**PROBLEM DESCRIPTION:**
Copy word for word the lines of the records below, beginning at the one with "We are both" and finishing at the one with "- Compatível com", ends included, but none of the pictures.

**SUPPLIED INFORMATION:**
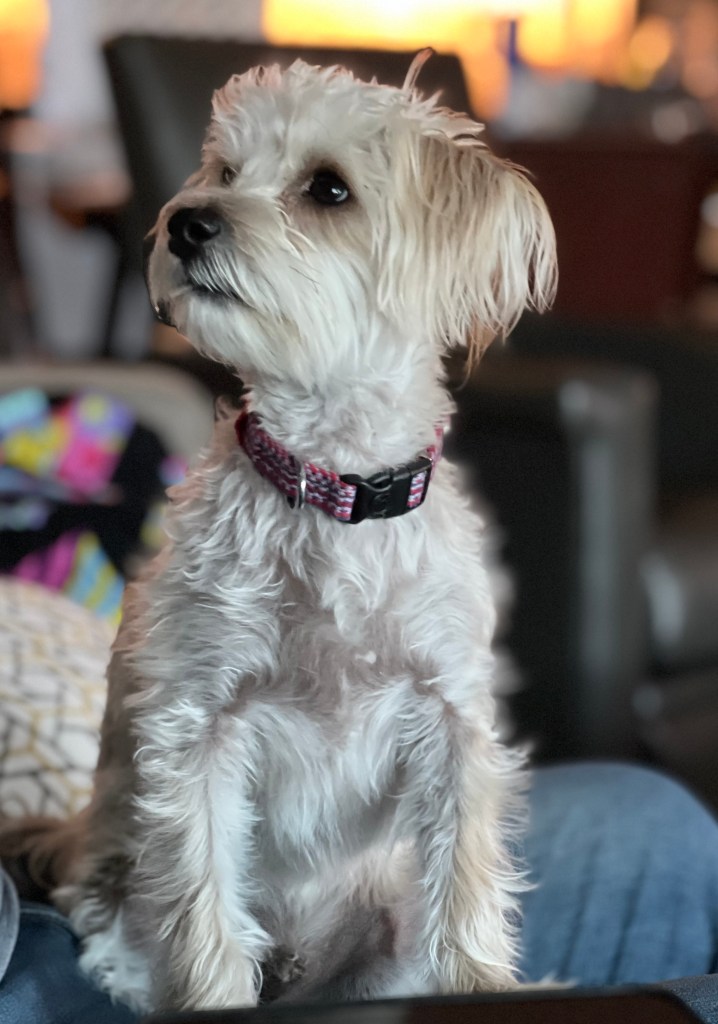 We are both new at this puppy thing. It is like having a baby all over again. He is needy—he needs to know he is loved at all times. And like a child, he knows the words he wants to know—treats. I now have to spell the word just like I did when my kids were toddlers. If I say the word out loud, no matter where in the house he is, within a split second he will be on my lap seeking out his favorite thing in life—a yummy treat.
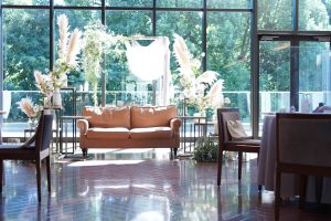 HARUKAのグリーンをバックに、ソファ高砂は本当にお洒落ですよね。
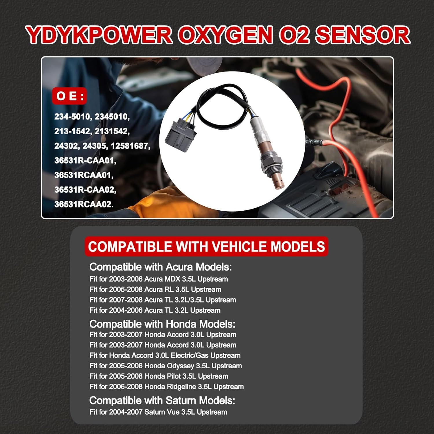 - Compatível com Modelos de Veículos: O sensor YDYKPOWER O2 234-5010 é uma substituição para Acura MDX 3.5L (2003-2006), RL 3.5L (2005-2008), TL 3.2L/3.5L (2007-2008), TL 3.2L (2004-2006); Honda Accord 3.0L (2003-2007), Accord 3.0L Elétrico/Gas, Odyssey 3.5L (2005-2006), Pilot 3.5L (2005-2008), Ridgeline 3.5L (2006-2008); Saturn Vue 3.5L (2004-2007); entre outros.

* * *

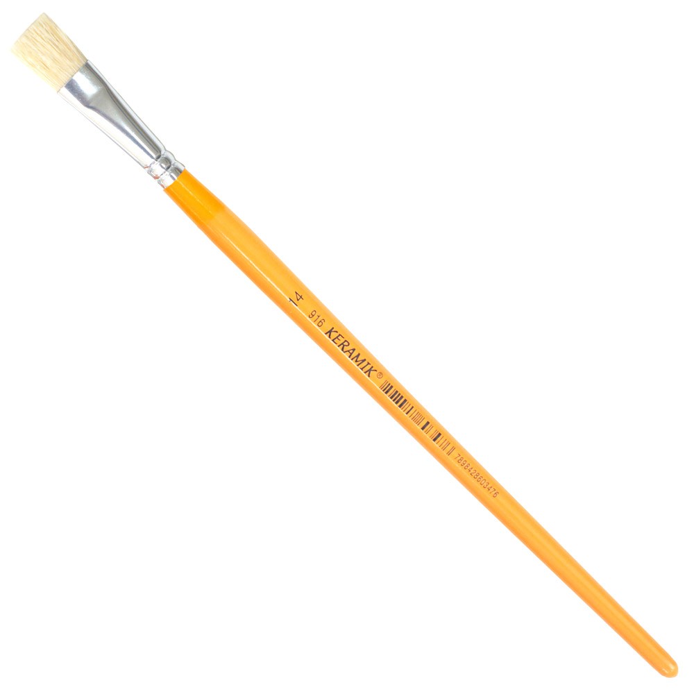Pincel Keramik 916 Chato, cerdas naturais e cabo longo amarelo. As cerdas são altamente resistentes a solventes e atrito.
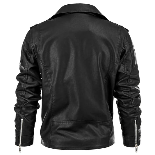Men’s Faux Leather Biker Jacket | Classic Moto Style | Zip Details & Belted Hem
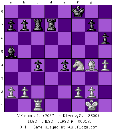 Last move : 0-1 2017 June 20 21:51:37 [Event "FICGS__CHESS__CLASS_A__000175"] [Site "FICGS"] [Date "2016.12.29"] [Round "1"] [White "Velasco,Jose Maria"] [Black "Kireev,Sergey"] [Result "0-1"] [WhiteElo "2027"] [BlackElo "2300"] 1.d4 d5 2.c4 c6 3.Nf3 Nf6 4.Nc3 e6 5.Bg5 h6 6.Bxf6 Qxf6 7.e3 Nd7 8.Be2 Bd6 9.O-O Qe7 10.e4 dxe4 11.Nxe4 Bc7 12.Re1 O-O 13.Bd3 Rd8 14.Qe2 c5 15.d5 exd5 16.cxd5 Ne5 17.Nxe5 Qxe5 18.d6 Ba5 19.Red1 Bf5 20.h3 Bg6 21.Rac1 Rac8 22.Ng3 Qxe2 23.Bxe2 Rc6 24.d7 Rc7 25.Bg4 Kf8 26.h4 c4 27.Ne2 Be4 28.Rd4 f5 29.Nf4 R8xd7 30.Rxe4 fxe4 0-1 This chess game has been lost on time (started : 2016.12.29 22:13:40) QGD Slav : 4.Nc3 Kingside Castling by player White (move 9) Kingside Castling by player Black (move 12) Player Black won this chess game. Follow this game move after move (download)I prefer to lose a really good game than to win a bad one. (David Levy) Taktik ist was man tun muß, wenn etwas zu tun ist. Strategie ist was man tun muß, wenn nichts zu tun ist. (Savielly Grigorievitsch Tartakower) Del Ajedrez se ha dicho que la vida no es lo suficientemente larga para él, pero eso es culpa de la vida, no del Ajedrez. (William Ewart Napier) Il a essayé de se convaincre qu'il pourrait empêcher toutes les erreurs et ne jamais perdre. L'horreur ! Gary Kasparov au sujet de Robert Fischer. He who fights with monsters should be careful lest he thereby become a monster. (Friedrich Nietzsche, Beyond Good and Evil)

**SOLUTION FOR THIS PROBLEM:**
 We are both new at this puppy thing. It is like having a baby all over again. He is needy—he needs to know he is loved at all times. And like a child, he knows the words he wants to know—treats. I now have to spell the word just like I did when my kids were toddlers. If I say the word out loud, no matter where in the house he is, within a split second he will be on my lap seeking out his favorite thing in life—a yummy treat.
 HARUKAのグリーンをバックに、ソファ高砂は本当にお洒落ですよね。
 - Compatível com Modelos de Veículos: O sensor YDYKPOWER O2 234-5010 é uma substituição para Acura MDX 3.5L (2003-2006), RL 3.5L (2005-2008), TL 3.2L/3.5L (2007-2008), TL 3.2L (2004-2006); Honda Accord 3.0L (2003-2007), Accord 3.0L Elétrico/Gas, Odyssey 3.5L (2005-2006), Pilot 3.5L (2005-2008), Ridgeline 3.5L (2006-2008); Saturn Vue 3.5L (2004-2007); entre outros.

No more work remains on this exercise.